Proof of $\lim\sup(a_nb_n)\leq \lim\sup(a_n)\limsup(b_n)$

Let $a_n>0$ and $b_n\geq 0$, then $\lim\sup(a_nb_n)\leq \lim\sup(a_n)\limsup(b_n)$

My attempt at a proof is as follows. Let $A_n=\sup\{a_n, a_{n+1},…\}$, $B_n=\sup\{b_n, b_{n+1},…\}$, and $C_n=\sup\{a_nb_n, a_{n+1}b_{n+1},…\}$.

Note: $a_mb_m \leq A_nB_n$ for all $m \geq n$.

Thus $\limsup(a_nb_n)=\lim C_n \leq \lim (A_nB_n) = (\lim A_n)(\lim B_n) = (\limsup a_n)(\limsup b_n).$

Solutions Collecting From Web of "Proof of $\lim\sup(a_nb_n)\leq \lim\sup(a_n)\limsup(b_n)$"

Missing pieces:

  1. You need to assume the sequences are bounded. Otherwise the statement may be even nonsensical: how to interpret $1\le 0\cdot \infty$, for example?
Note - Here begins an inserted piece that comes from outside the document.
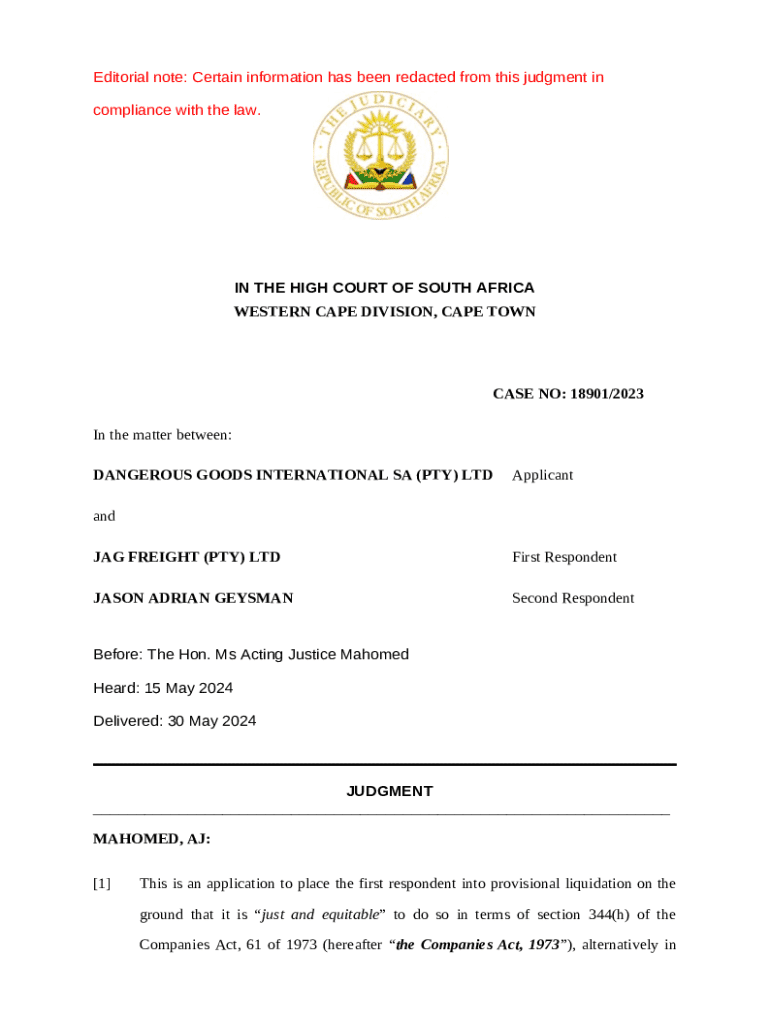 Editorial note: Certain information has been redacted from this judgment in compliance with the law.IN THE HIGH COURT OF SOUTH AFRICA WESTERN CAPE DIVISION, CAPE TOWNCASE NO: 18901/2023 In the matter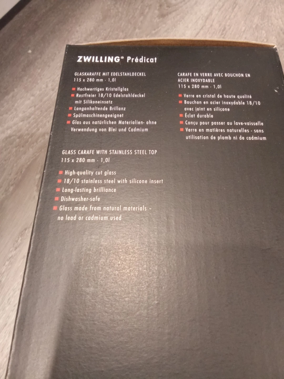 This is a ZWILLING Prédicat glass carafe with a stainless steel top. It's made from high-quality cut glass and 18/10 stainless steel with a silicone insert. The carafe is dishwasher-safe and made from natural materials, with no lead or cadmium used. It's 115 x 280 mm. 1.0L

  2. $(A_n)$ and $(B_n)$ are nonnegative nonincreasing sequences; these properties imply the existence of the limits $\lim A_n$ and $\lim B_n$, which allows to conclude about the existence and the value of $\lim (A_nB_n)$.

You could have assumed $a_n\ge 0$ instead of $a_n>0$.